En revanche, la pulpeuse Charlize Theron était là pour In the Valley of Elah où elle incarne une terne femme policier, mère seule, qui aide un vieil ex-militaire à retrouver son fils soldat, disparu après son retour d'Irak.

Comme Redacted, film coup-de-poing de Brian De Palma sur le viol d'une fillette irakienne par des soldats américains montré la veille, In the Valley of Elah s'inspire de faits réels.

Paul Haggis, 54 ans, Canadien installé à Hollywood et scénariste chevronné (Million dollar baby, Crash) y explore les conséquences de cette sale guerre sur la jeunesse et les idéaux de l'Amérique.

Cette fiction aux accents de polar montre de jeunes soldats dont la détresse psychologique et la perte de repères sont telles à leur retour d'Irak qu'ils boivent, se droguent, fréquentent les prostituées ou violentent leur compagne.

La chute morale de l'Amérique est illustrée par l'opposition entre cette jeunesse sacrifiée et Hank Deerfield (Tommy Lee Jones, excellent), militaire retraité, un homme patriote à la moralité d'acier et aux manières raides.

Susan Sarandon endosse le rôle un peu mince d'une parfaite «mater dolorosa» dans ce film de bonne facture hollywoodienne, où Haggis invoque de façon très explicite la «vraie» Amérique, symbolisée par la Bible ou la bannière étoilée.

Samedi, le festival (29 août-8 septembre) découvrait aussi deux autres films en lice pour le Lion d'or: Les amours d'Astrée et de Céladon du Français Eric Rohmer et It's a Free World de Ken Loach.

Fidèle à son cinéma réaliste et humain qui traque inlassablement l'injustice sociale (Sweet sixteen, The Wind that Shakes the Barley), Ken Loach décrypte les rouages de l'économie mondialisée, qui met à disposition des entreprises des déshérités du monde entier, main d'oeuvre peu chère et corvéable à merci.

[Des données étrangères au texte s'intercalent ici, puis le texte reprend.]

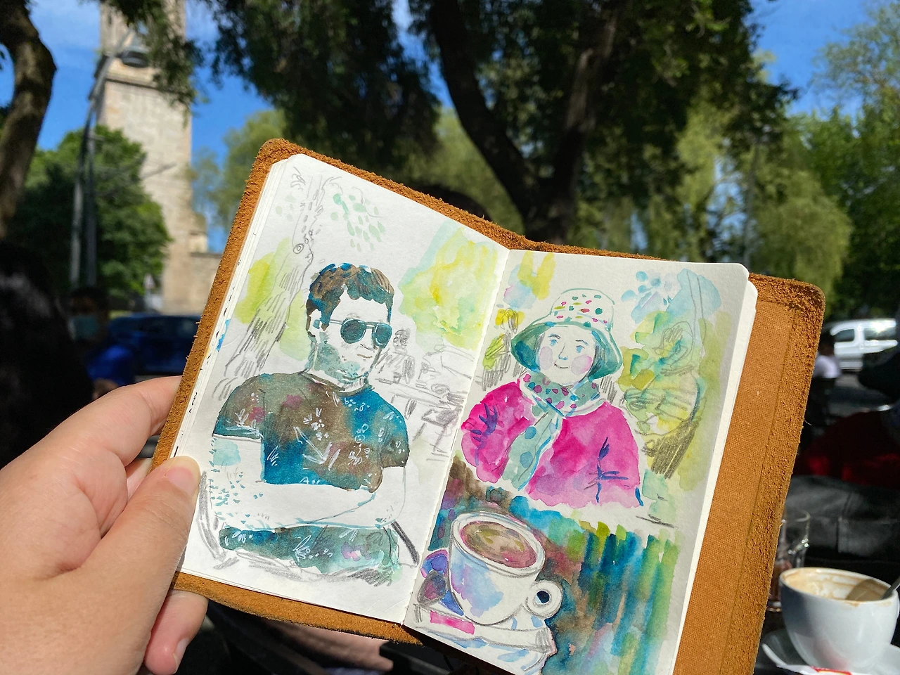 두 번째 카페 콘 레체 cafe con leche를 마시기 전에 필통에서 연필을 꺼냈다. 언젠가 사은품 혹은 선물로 받은 파버 카스텔 연필. 사실 샤프인데 품은 연필심도 1.4mm나 되고 어지간한 펜보다 통통한 외형이라 샤프라고 부르기가 어렵다. 마지막에 등장한 연필은 스케치용이 아니라 흑연의 색과 결을 더해주는 역할을 한다. 이 시간에는 물붓으로만 표현하기 힘들었던 가는 선도 표현해주고 배경을 흐릿하게 그려주고 싶어서 꺼냈다. 특별히 배경까지 그릴 생각은 없었는데 우리가 커피를 마시며 이야기하는 동안 주변 테이블에 사람이 많아져서 슬쩍 곁눈질로 빠르게 그려 넣었다. 대충 그린 주변 사람들은 그림에는 제대로 표현되지 않았지만 나는 내가 어떤 사람을 그렸는지 다 기억한다. 혼자서 커피 한잔을 두고 앉아 있던 모자와 선글라스에 가죽재킷을 입은 아저씨. 빨간색, 남색, 흰색 줄무늬 폴로 티셔츠를 입고 파란 마스크와 안경을 쓴 아저씨. 그리고 가장 멀리 있던 테이블에는 두 사람이 앉아 있었는데 그중에서 짧은 반바지에 민소매 티를 입은 여자만 그렸다. 여자 맞은편에 앉아있던 사람은 자리가 부족해서 그리지 않았다. 계획 없이 그리다 보니 오른쪽 아래가 텅 비었다. 내 모습을 그려 넣으려다가 내 앞에 놓인 카페 콘 레체 커피잔으로 대신했다. 손잡이가 동그란 특징이 있는 평범한 잔이다.

Servi par des comédiens non professionnels tous remarquables, comme souvent chez Loach, le film déroule un excellent scénario, émouvant et aux personnages complexes, qui fait affleurer une réalité sociale noire, mais pas désespérante.

Angie - Kierston Wareing, vraie révélation -, est une maman célibataire qui affronte la vie crânement, sous ses allures de Pamela Anderson de banlieue.

Mise à la porte d'une entreprise de recrutement en Pologne, elle rentre à Londres pour fonder avec une amie une agence d'intérim, qui donne à des travailleurs sans papiers, ukrainiens, polonais ou afghans, des emplois non qualifiés d'«un jour, une semaine ou un mois», en toute illégalité.

Une fois prise dans l'engrenage de l'argent facile, cette jeune femme attachante ira de plus en plus loin dans l'exploitation de la détresse humaine.

Très américaine cette année, la Mostra accueillera dans les prochains jours, en provenance des États-Unis, I'm not there de Todd Haynes sur la vie de Bob Dylan, ou encore The Darjeeling limited de Wes Anderson.